City Councilman James Sanders Jr. (D-Laurelton) may have spoken for thousands of other citizens throughout Queens when he said “it’s hell trying to hail a taxicab in the Rockaways.”

Sanders, whose council district includes the Rockaways, made his observation at a public hearing last week to discuss the problem of taxi scarcity not only in the Rockaways but everywhere outside Manhattan.

Council Transportation Committee Chairman John Liu (D-Flushing) called the hearing on proposed legislation to authorize licensed livery cabs to legally pick up passengers at designated cab stands without prior order in places where taxis are nowhere to be hailed.

The problem is that it is illegal in New York City for livery cabs to pick up people who hail them on the street. Yellow cabs have the exclusive right to perform that service. Currently, livery cabs may legally accept only those passengers who have ordered transportation by telephone or other prior arrangement.

Opponents of the legislation told the City Hall hearing such a law could bring all sorts of new problems and would be all but impossible to enforce. Nearly all those who opposed it said Intro. 267, which is aimed at providing more taxi service for the outer boroughs, was unacceptable without heavy revisions.

Liu said he realized that Yellow cab drivers naturally go where they can make a profit, but that a way must be found to balance a free market with the service deserved by those who live in boroughs outside Manhattan.

“Every New Yorker should be able to obtain taxicab service on-demand.
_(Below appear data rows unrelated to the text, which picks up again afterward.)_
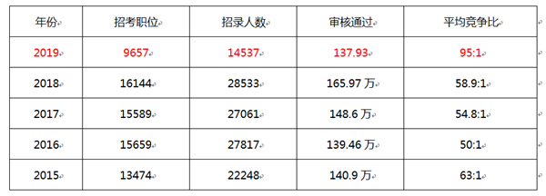 2019年國考,平均競(jìng)爭(zhēng)比已達(dá)95:1,為近五年最高,約為2018年國考的1.6倍,2016的2倍。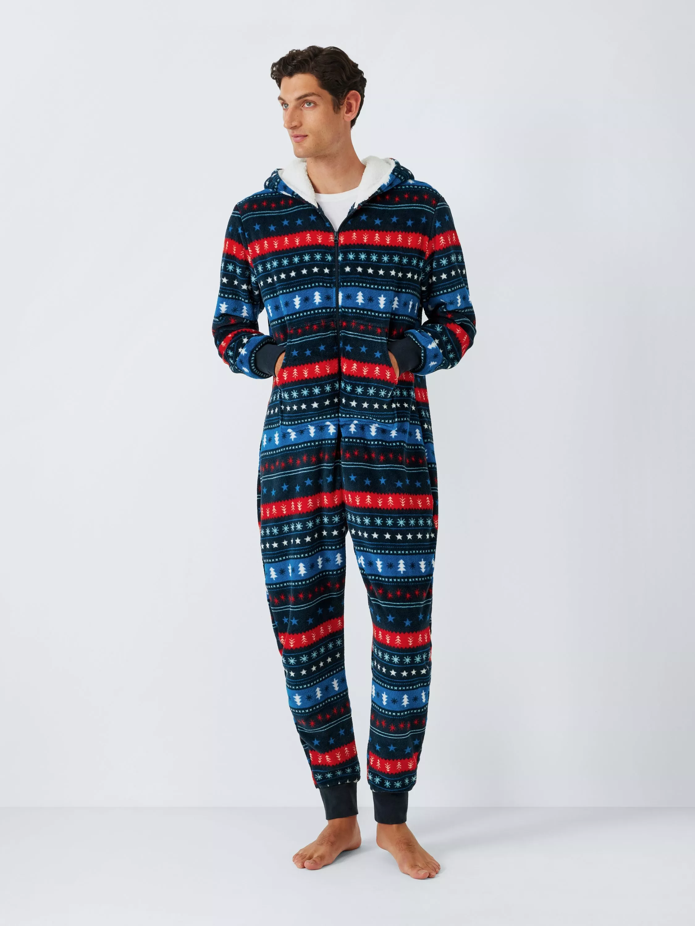 The ultimate in at-home comfort, this full-length all-in-one features a star Fair Isle design inspired by traditional Nordic patterns. The zip-fastening closure makes it extremely easy to pull on or off, whilst the pockets and fluffy lined hood make it an exceptional loungewear piece.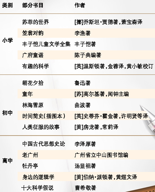 還在為該讓孩子讀什么課外書發(fā)愁么?廣州市教育局給出了權威推薦!昨日,廣州市教育局舉行了2015年廣州市中小學經(jīng)典閱讀推薦書目發(fā)布會,公布了小學、初中、高中階段推薦書目共計300本!斑@300本推薦書目并不算多,50年之后見成效。”廣州大學中文系教授曾大興說。

Nevertheless, this is not a reality,” the legislation reads.

Commissioner Matthew Daus of the Taxi and Limousine Commission said some taxi stands exist for yellow cabs in his home borough of Brooklyn but agreed that such cabs were scarce and a need exists for alternative transportation.

“However, these proposed livery cab stands would draw all sorts of illegal cars,” Daus said. “That is, unless they were policed every morning and evening rush hour.”

Daus estimated such enforcement might cost $2.5 million a year.

Councilwoman Helen Sears (D-Jackson Heights) asked whether more noise and congestion in neighborhoods would result from new cab stands even if the system worked.

“My district is already becoming a second Manhattan,” Sears said. Councilman Joseph Addabbo (D-Howard Beach) is also on the committee.

A number of the opponents of the measure fear that many of the estimated 40,000 livery cabs, overwhelmingly owned by individuals, are underinsured and of questionable safety.

Michael Levine, who operates a 232-medallion yellow cab company and two livery companies in Brooklyn and Long Island City, said the livery stands would help at high-density points such as Queens Boulevard, Rego Park and other areas. But he asked “how do people get from their homes to these places?”

Levine also pointed to the radically different standards for yellow cabs and livery vehicles.

“I can legally register a 1972 Nissan Stanza as a livery vehicle,” Levine said. “Vehicles that we remove from yellow medallion fleets because they no longer qualify as medallion taxicabs are sold to used car dealers who resell them to car services in outer boroughs.

“If these cars are not new enough or safe enough to pick up Manhattanites when they raise their hands, why should they be acceptable to residents of the outer boroughs at the new (taxi) stands?”

Eugene Pero, president of the Livery Owners Coalition of New York, expressed “complete and total” opposition to the proposal.

“As with vans, many livery operators are known to perform illegal street hails. Instead of pursuing these operators and punishing them, the City Council would reward them at the expense of the legal, taxpaying (livery cab) industry,”

Peter O'Donnell, Shane Moynagh and Thomas J. Mann, all of Woodside, complained that even without any taxi stand, livery cars had nearly taken over their commercial neighborhood on 61st Street in Woodside.

“They take up all the metered parking spots practically 24 hours a day,” said Moynagh, who operates a bakery. “Leaving nowhere for our customers to park, not to mention the air pollution from exhaust as result of all the idling engines.”